Anyway... lol, I have an old xenondepot kit in my car that the company doesn't carry parts for anymore, it's the one where they were using Phillips Ultinon parts. I think my driver's side ballast is dead since it won't ignite any more, and I know that it had been exposed to more moisture than it should have been. 

My questions to you guys are:
1. What vendors are good ones now? Been so long since I've done anything except look at my altima rot in the driveway.
2. What size bulb/conversion kit is it again? For some reason I think I remember an H1/H4 kit or something, I can't remember, and lighting has never been my forte.

Looking for the cheapest, most reliable kit available with warranty and good customer service should something happen.
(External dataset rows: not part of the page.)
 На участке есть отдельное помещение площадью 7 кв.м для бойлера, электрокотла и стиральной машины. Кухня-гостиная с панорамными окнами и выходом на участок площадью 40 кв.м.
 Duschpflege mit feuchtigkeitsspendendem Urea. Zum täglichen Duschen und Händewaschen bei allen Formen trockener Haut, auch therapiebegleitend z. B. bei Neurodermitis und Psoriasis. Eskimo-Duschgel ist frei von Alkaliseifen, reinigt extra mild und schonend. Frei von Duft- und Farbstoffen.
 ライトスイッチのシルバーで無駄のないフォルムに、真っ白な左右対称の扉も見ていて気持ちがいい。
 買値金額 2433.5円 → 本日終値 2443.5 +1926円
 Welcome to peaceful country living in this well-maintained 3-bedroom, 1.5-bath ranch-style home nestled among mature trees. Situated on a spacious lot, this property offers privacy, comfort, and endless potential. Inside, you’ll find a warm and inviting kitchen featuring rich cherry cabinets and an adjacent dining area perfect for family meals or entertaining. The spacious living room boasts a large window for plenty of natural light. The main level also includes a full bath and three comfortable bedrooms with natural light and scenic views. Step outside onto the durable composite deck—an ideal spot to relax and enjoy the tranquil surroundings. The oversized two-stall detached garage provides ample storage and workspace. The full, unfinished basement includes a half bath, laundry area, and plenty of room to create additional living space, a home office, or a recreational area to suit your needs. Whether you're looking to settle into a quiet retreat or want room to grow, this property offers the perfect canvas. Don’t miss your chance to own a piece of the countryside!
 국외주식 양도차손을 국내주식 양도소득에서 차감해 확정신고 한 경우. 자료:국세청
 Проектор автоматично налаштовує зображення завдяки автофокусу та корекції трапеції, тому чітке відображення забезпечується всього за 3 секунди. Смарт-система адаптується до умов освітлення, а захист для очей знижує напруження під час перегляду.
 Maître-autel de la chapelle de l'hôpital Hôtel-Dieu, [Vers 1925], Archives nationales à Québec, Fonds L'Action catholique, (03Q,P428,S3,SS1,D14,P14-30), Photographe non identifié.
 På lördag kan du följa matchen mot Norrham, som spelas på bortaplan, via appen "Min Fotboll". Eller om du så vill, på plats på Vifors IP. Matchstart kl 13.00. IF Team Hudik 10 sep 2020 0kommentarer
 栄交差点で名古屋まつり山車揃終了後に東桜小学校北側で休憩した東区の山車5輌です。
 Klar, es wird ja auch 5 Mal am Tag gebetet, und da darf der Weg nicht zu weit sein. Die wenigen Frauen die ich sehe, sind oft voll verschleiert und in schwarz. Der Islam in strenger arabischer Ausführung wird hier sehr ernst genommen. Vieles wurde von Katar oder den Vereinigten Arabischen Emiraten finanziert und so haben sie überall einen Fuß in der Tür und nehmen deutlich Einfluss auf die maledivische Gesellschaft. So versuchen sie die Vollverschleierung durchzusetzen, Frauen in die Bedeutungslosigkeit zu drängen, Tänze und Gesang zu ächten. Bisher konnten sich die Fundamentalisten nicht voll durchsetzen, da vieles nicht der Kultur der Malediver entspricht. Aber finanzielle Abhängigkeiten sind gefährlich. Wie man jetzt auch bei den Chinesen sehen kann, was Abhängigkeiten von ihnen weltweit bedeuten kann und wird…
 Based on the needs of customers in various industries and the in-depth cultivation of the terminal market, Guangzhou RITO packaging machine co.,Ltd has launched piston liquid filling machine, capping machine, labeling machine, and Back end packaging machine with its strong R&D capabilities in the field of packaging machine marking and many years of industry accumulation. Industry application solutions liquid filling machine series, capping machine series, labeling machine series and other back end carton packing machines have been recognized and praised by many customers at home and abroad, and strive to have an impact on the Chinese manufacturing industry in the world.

Not sure if it's possible, but looking to spend <100 bucks since I'm living paycheck to paycheck since the economy crashed.

Thanks fellas,
Isaac


----------



## eyesack (Feb 22, 2006)

bumping lol


----------



## Nickaltima (Jan 11, 2008)

i just had to replace a set of shit ebay xentec hids in mine..if your cars 02-06 its H1..the bulb burned out just after a year and the seller "conveniently" couldnt find any info i bought something(fucking asshole) so i bought 50 watt set as oppose to the traditional and common 35 watt set from a authorized ebay seller selling euro effects(EFX) it was 180 shipped i just got them yesterday..and they are BRIGHT AS HELLLLLL haha the main reason i bought them is because there is a no hassle true lifetime warranty as long as no parts were altered or visibly damaged from a accident or what not..also my shitty 1st ebay set were garbage from jump street the night i put them in the pass side bulb wouldnt ignite i would have to turn on/off 5 or so times so..if you can scrounge up the xtra 80 bucks go for the 50w efx kit..they have a 35w kit for around 130 i believe too


----------